AWS launches machine learning driven text and data extractor Amazon Textract
Amazon Web Services has launched Amazon Textract for general availability, adding a powerful machine learning tool to its cloud services offering.
Textract, a fully managed service, can automatically lift text and data from the vast majority of document types without necessitating manual reviews, development of custom coding or experience with machine learning solutions.
According to AWS’s press release, Textract is capable of contextualising the information it is reading based on its format and the fields presented.
The firm offered names, social security numbers, tax documents, mortgage guarantees, contracts and product SKUs as a small sample of the types of information and documents it can identify.

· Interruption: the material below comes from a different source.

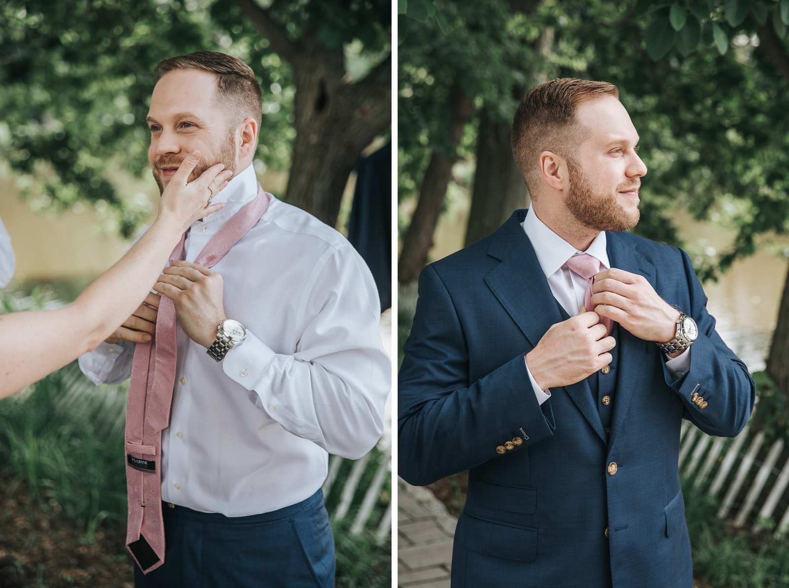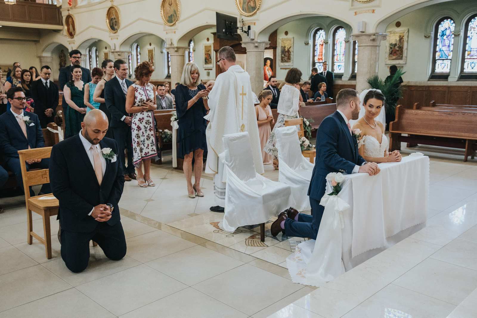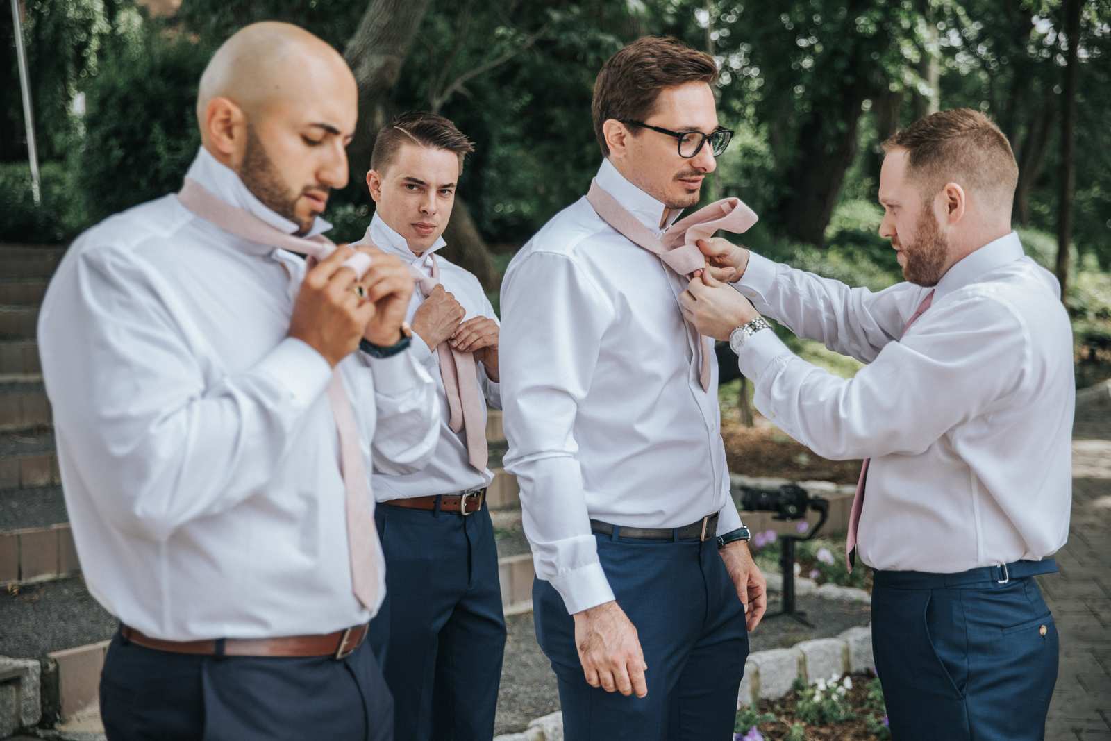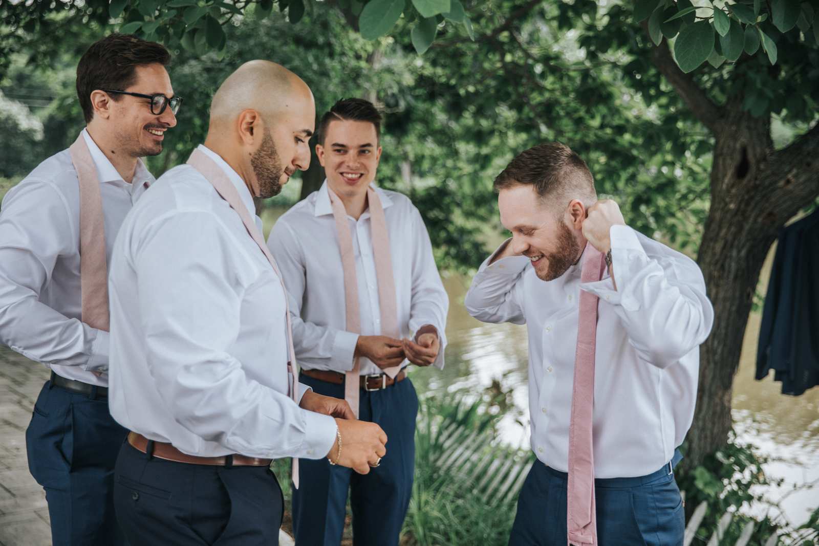 We began at the Estate where we found the bridesmaids in the middle of hair and makeup yet the groomsmen hanging out watching an EDM concert. Soon enough though both bride and groom were ready for the day and for the first look on a beautiful lakeside path! Then we headed to the family Polish church in Linden for a ceremony where lots of smiles and laughter was exchanged between the couple alongside the traditional rings. Back at the Estate again we explored some more and found so many perfect spots for family photos and the couples portraits spread around the grounds. The cocktail hour and reception was the ideal set up for the pair with plenty of the traditional moments but having more a relaxed and low-key atmosphere as guests enjoyed both the food, music, and view late into the day. We hope you enjoy looking through all these images below!

That information can then be used to populate smart searches for large archives, or be uploaded to a database for use in the operations or development of software applications.
“The power of Amazon Textract is that it accurately extracts text and structured data from virtually any document with no machine learning experience required,” said Swami Sivasubramanian, Vice President of Amazon Machine Learning, in AWS’s press release.

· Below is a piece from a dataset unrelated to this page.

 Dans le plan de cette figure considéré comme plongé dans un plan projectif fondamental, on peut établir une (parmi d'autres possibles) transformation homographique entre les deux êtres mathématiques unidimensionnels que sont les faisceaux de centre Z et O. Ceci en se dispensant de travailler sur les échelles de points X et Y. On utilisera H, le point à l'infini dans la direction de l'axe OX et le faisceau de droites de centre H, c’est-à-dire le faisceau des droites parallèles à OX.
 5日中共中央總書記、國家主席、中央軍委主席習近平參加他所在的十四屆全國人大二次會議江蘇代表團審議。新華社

“Subsequently, developers can analyze and query the extracted text and data using our database and analytics services like Amazon Elasticsearch Service, Amazon DynamoDB, and Amazon Athena and integrate with other machine learning services like Amazon Comprehend, Amazon Comprehend Medical, Amazon Translate, and Amazon SageMaker to help customers derive deeper meaning from the extracted text and data.”
He continued: “In addition to the integration with other AWS services, the rich partner community developing around Amazon Textract makes it possible for customers to gain real meaning from their file collections, operate more efficiently, improve security compliance, automate data entry, and facilitate faster business decisions.”